We get the encoding:
a (1/2) => "0"
b (1/6) => "100"
d (1/20) => "1010"
e (1/30) => "10110"
f (1/30) => "10111"
c (1/12) => "110"
g (1/30) => "11100"
h (1/30) => "11101"
i (1/30) => "11110"
j (1/30) => "11111"
|
828.9 | | SSDEVO::LARY | | Sun Feb 28 1988 21:35 | 33 |
| In an infinite set like this, a most-probable-first scheme might work
better:
- 0 occurs 1/2 of the time so we should allocate 1/2 the "space"

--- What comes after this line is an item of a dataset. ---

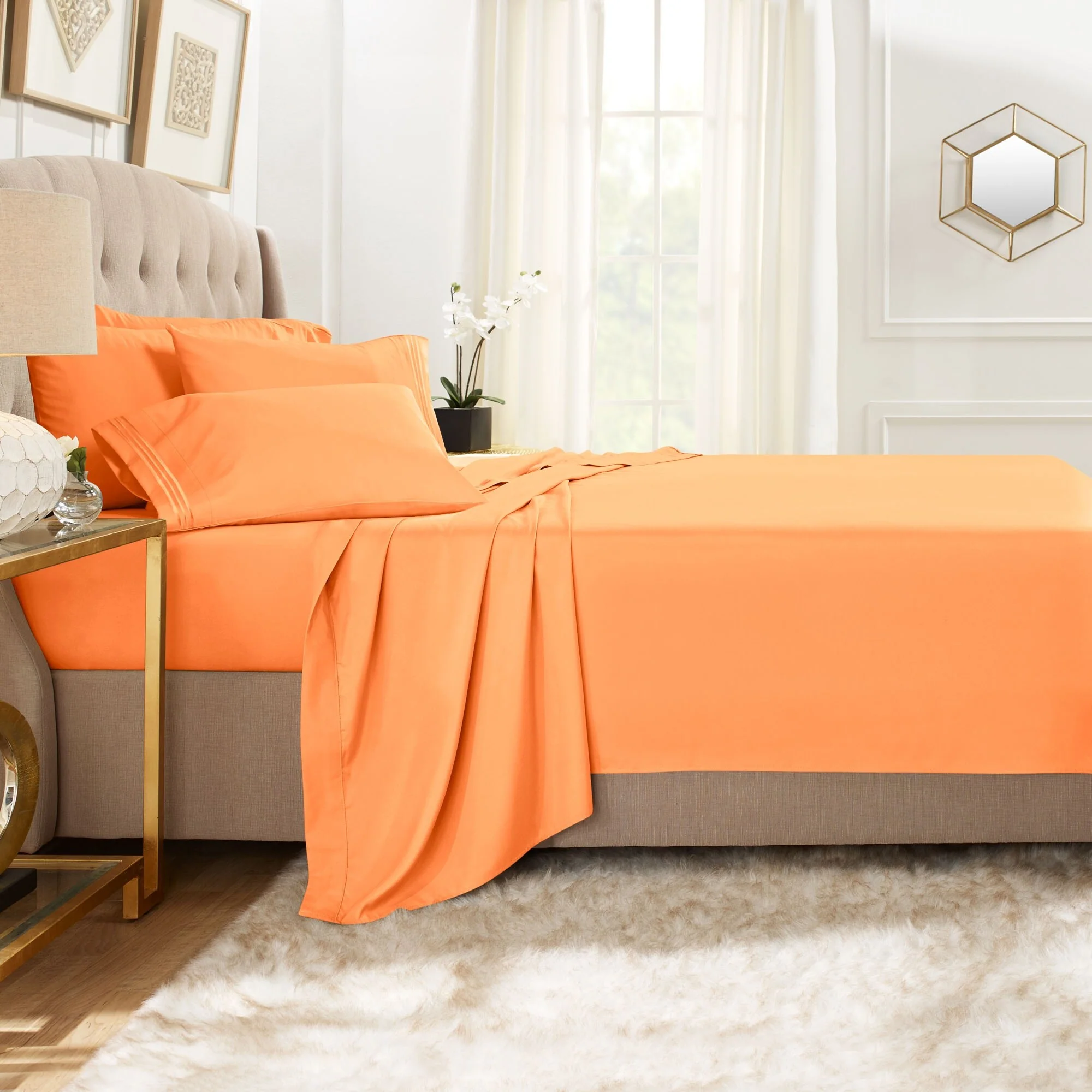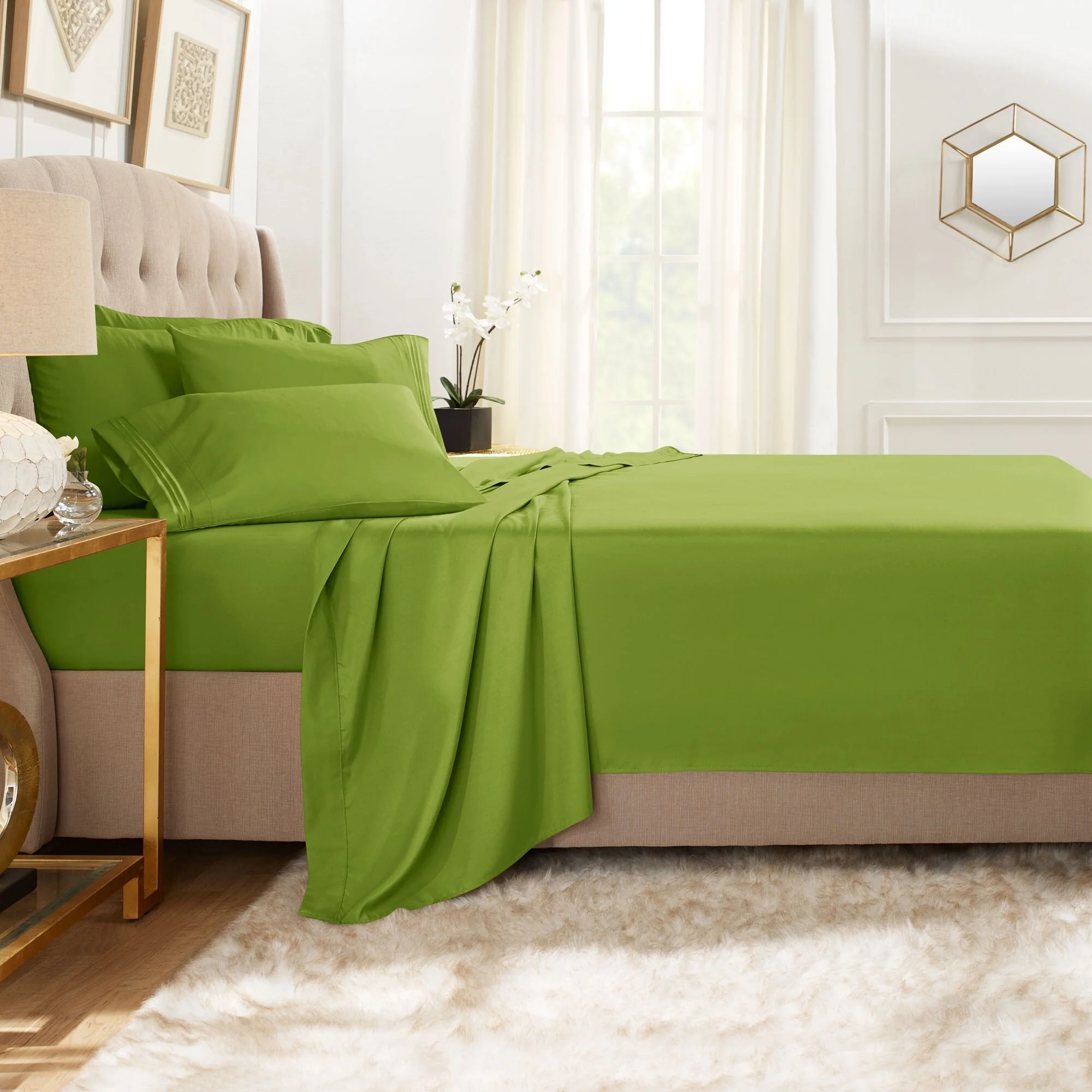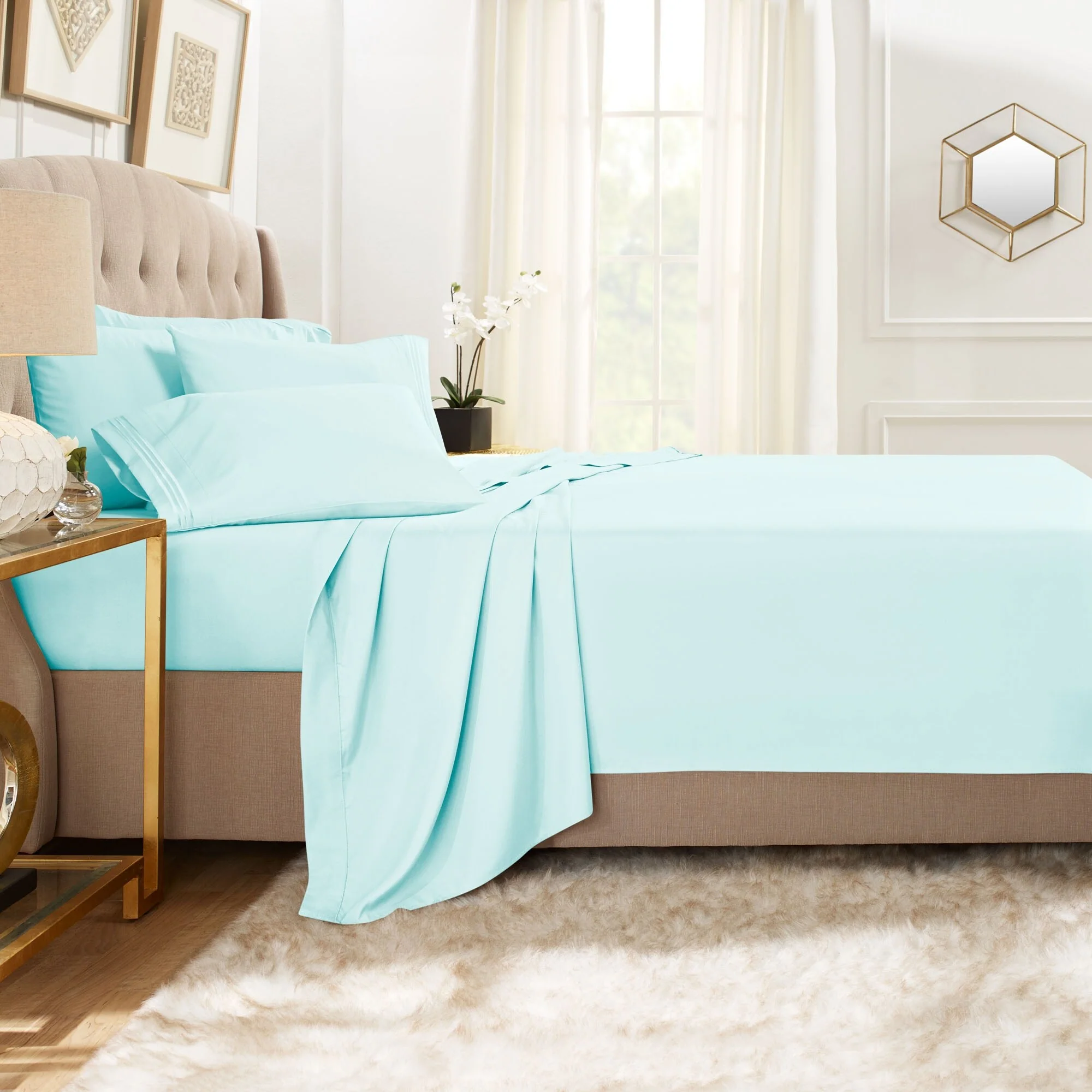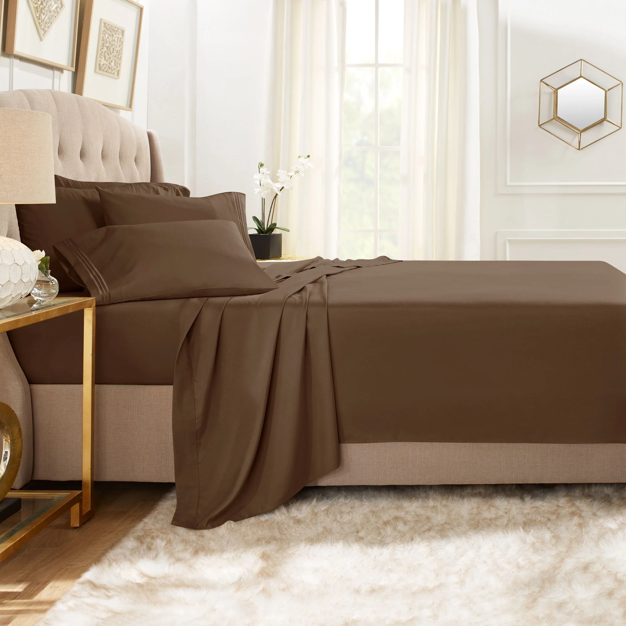 - California King Size 6 Piece Set – Includes: 1 flat sheet 108" x 102", 1 fitted sheet 84" x 72", and 4 pillowcases 20" x 40". Deep pocket fitted sheet for deep mattress 14" to 16", with an elastic all around the sheet.

to it, so it gets the string "0".
- 1 and 2 occur 1/2 of the remainder of the time, so we should
allocate 1/2 the remaining "space" to them, so 1 = 100 and 2 = 101
- 3, 4, 5 and 6 occur 1/2 of the remainder of the time, so we should
allocate 1/2 of the remaining "space" to them, so:
3 = 11000, 4 = 11001, 5 = 11010, 6 = 11011
- In general, we map the interval [2^n-1,2^(n+1)-2] into:
<n ones>0<n bit index within interval>
since sigma(p(i)) over i in [2^n-1,2^(n+1)-2] equals 1/2^n
Now, what's the average length of this encoding?

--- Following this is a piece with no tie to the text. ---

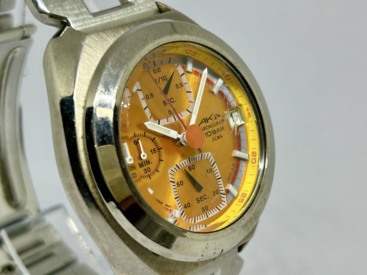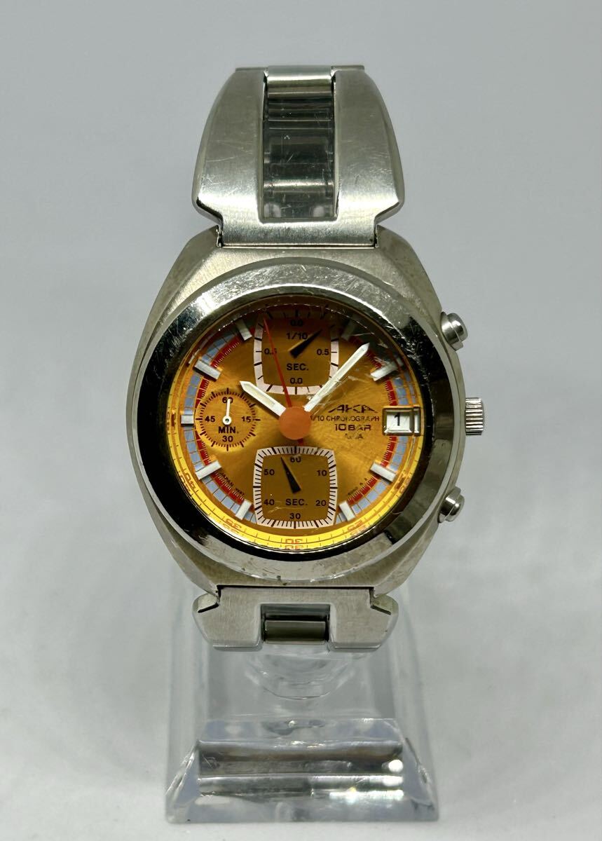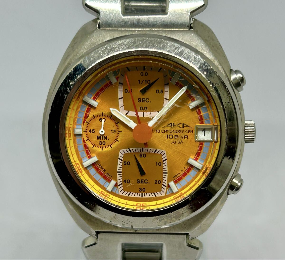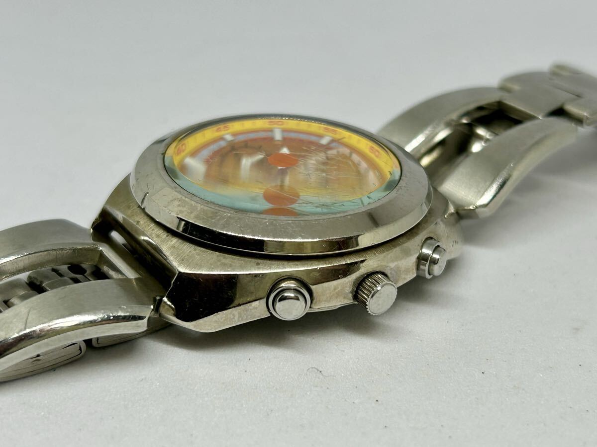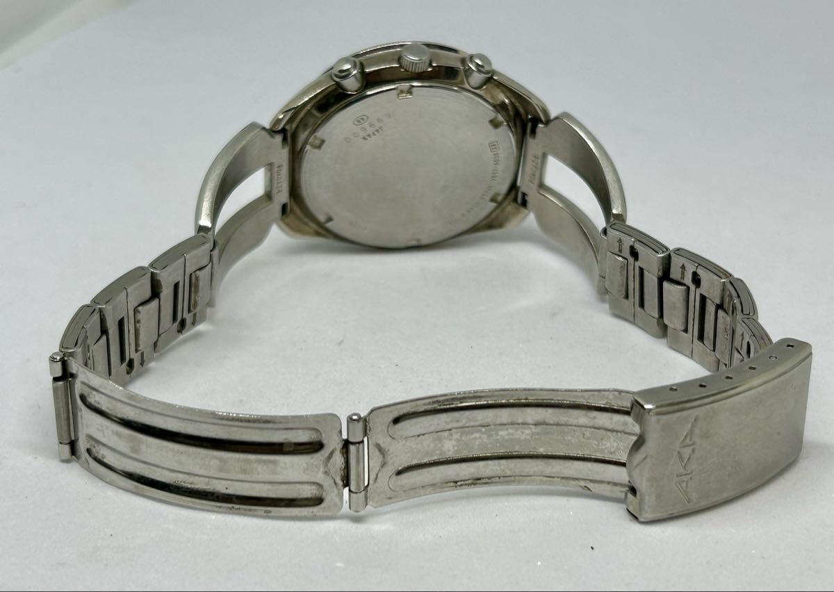 使用感ございます。使用、保管によるキズ汚れ等ございます。風防にキズあり。電池切れによるのか、動作していません。状態は写真にてご確認お願いします。完璧を求める方はお控えください。

The average length of encoding is:
(1/2)*1 + (1/4)*3 + (1/8)*5 + (1/16)*7 + ... + (1/2^n)*(2n-1) + ....
= 3
So you can encode these (unbounded) numbers into an average of 3 bits apiece!

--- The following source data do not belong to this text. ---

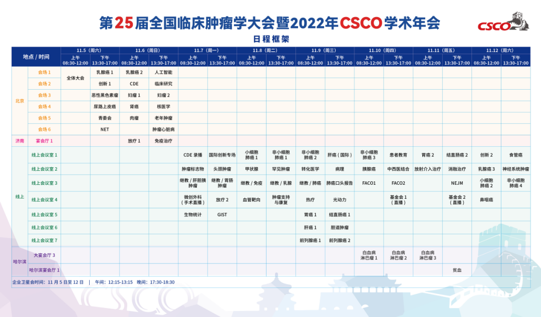 本届CSCO年会开幕式将在北京会场举行,此外,北京会场还设置了创新药物临床研究专场、CDE专场、人工智能专场、乳腺癌专场、恶性黑色素瘤专场、尿路上皮癌专场等;线上会议设置了头颈肿瘤、罕见肿瘤、胃癌、肝癌、结直肠癌、前列腺癌、小细胞肺癌、非小细胞肺癌、转化医学等专场,第十届亚洲临床肿瘤学联盟(FACO)会议也将在此期间举办;哈尔滨会场针对血液系统肿瘤设置了多个专场,济南会场也安排了放疗和免疫治疗相关专场。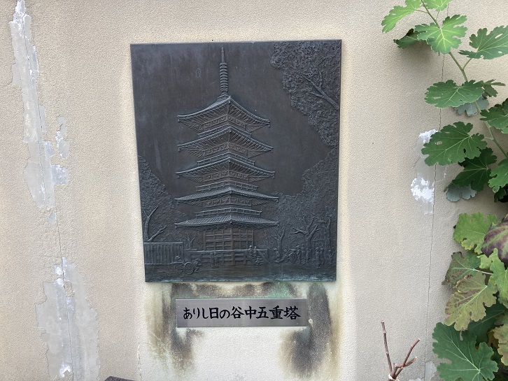 谷中の五重塔は、天王寺(旧感応寺)の塔として正保元年(1644年)に創建されました。安永元年(1772年)に焼失しましたが、天明八年(1788年)に再建工事が開始され、寛政三年(1791年)に完成しました。以後、160年、幸田露伴の小説「五重塔」のモデルにもなった五重塔は、度重なる災害や、戦争に耐え、谷中のランドマークとして親しまれてきましたが、昭和三十二年(1957年)7月に焼失してしまいました。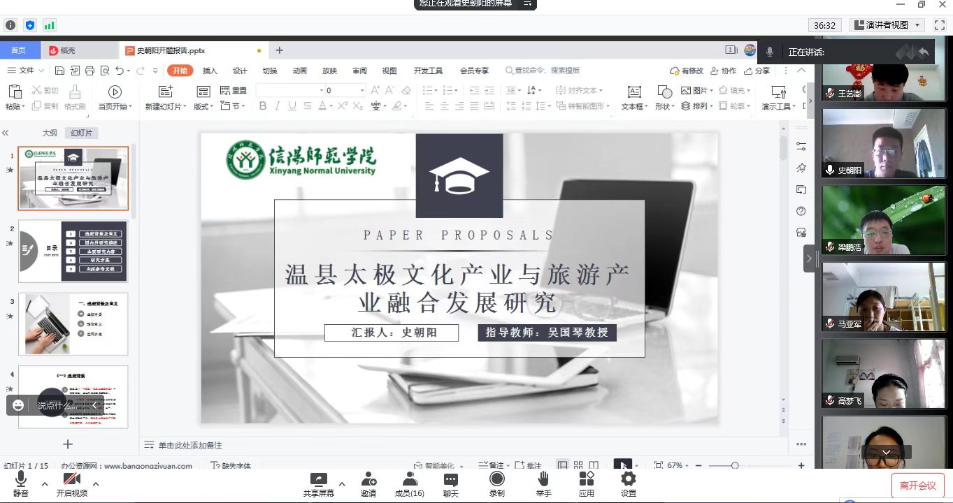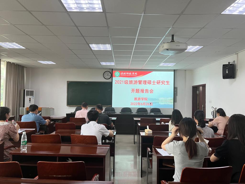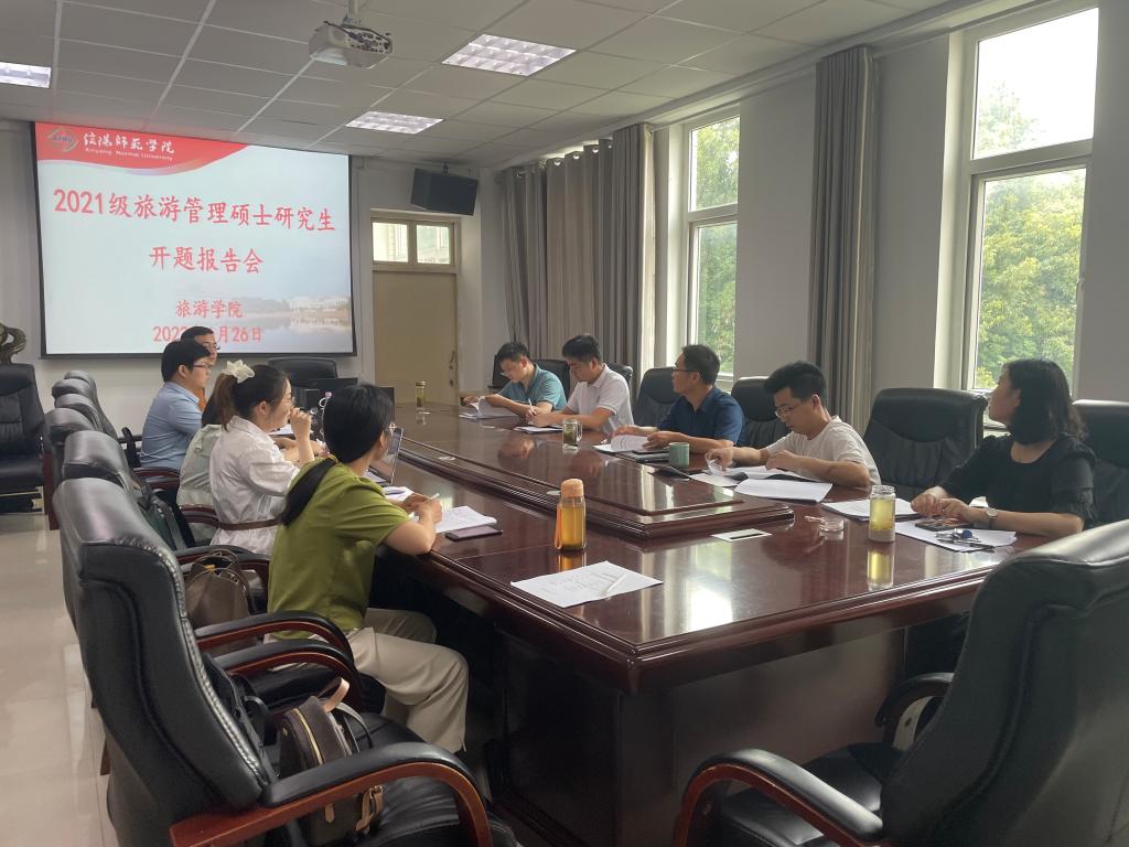 6月26日下午,tyc41183太阳成集团2021级旅游管理硕士研究生毕业论文开题报告会分3组在经管楼401、404和线上腾讯会议同时举行。彭荣胜、高军波和吴国琴教授分别任3组评审小组组长并主持报告会。

Now - is this minimal? I thought so, when I started thinking about it,
but I don't like the fact that there are no encodings of length 2, 4, etc.
|
828.10 | a 1% improvement | CLT::GILBERT | | Sun Mar 20 1988 18:32 | 16 |
| The following encoding uses an average of 657/220 bits per number.
0 "0"
1 "100" 11 "1100101" 21 "110000010"
2 "1010" 12 "1100111" 22 "110000011"
3 "1101" 13 "1111010" 23 "110011000"
4 "10110" 14 "11000000" 24 "110011001"
5 "11100" 15 "11001000" 25 "111011000"
6 "11111" 16 "11001001" 26 "111011001"
7 "110001" 17 "11001101" 27 "111011100"
8 "111010" 18 "11101101" 28 "111011101"
9 "111100" 19 "11101111" 29 "111101100"
10 "1100001" 20 "11110111" 30 "111101101"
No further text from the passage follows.